The main area of difficulty in applying numerical simulations to evaluating occupational hazards concerns worker's body models. The presented results shown that an unrealistic worker's posture (up to 36 times higher SAR values in models in a sitting posture in comparison to a standing one), dimension and shape of models (single block model use) and grounding conditions of models (up to 12 times higher SAR values in grounded models than in insulated ones) can significantly under- or overestimate the exposure effects in the body. Furthermore, in the case of anatomically-based models, the problem of possible non-realistic grounding properties of such models has also been found. All these issues should be considered in the process of developing numerical models to achieve models that are suitable for the investigated exposure scenario, and to obtain reliable results of an assessment of a worker's EMF exposure.

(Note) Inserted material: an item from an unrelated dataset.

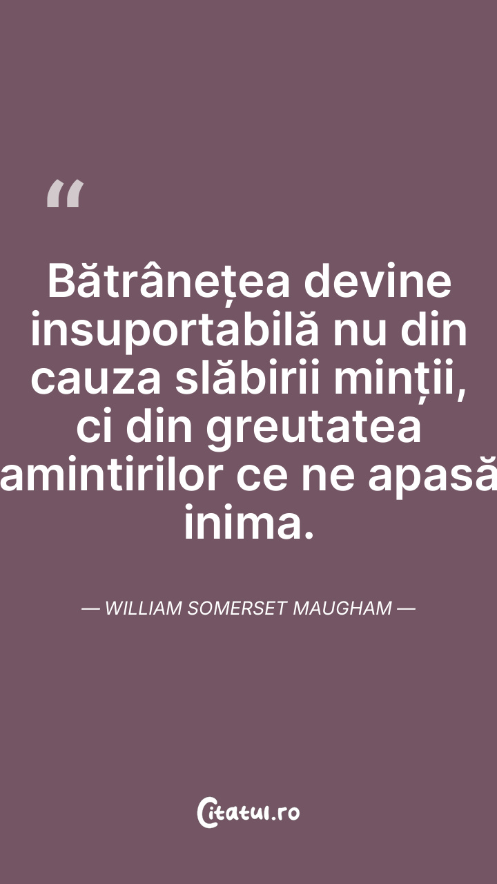 Bătrânețea devine insuportabilă nu din cauza slăbirii minții, ci din greutatea amintirilor ce ne apasă inima. William Somerset Maugham
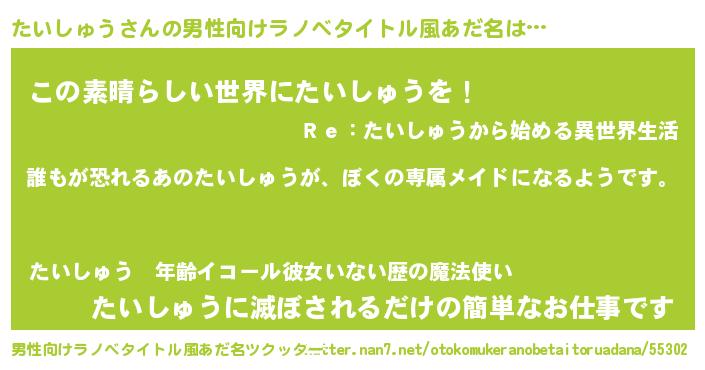 | 胡散臭い通販商品みたいなあだ名 | 『来世でも幸せになれる水素水…その名も「たいしゅう」』 |

Numerical simulations are still a method of limited usefulness when assessing the compliance of individual workplaces with legal requirements regarding exposure to EMFs, because in recent decades the highest attenuation of research was on how to apply such methods to evaluate public exposure, e.g., while mobile phone handsets are used near the body. However, they are gradually becoming more widely applicable in research on electromagnetic health hazards or assessments of the safety of new technologies emitting EMFs in the work environment.

Funding

This paper has been based on the results of a research task carried out within the scope of the second stage of the National Programme “Improvement of safety and working conditions” partly supported in 2011–2013 - within the scope of state services - by the Ministry of Labour and Social Policy. The Central Institute for Labour Protection-National Research Institute (CIOP-PIB) is the Programme's main coordinator

Notes

1. Induced electric field (E_in) – the electric field present in the body (in situ) as a result of exposure to the environmental electromagnetic field, expressed in volt per metre (V/m).Specific energy absorption rate (SAR) – is the rate at which energy is absorbed per unit mass of body tissue, averaged over the whole body or over parts of the body, and is expressed in watts per kilogram (W/kg).[9]

2. Statistically not significant – data with p value of obtained Student's t test statistics higher than significance level of .05.Statistically significant – data with p value of obtained Student's t test statistics lower than significance level of .05.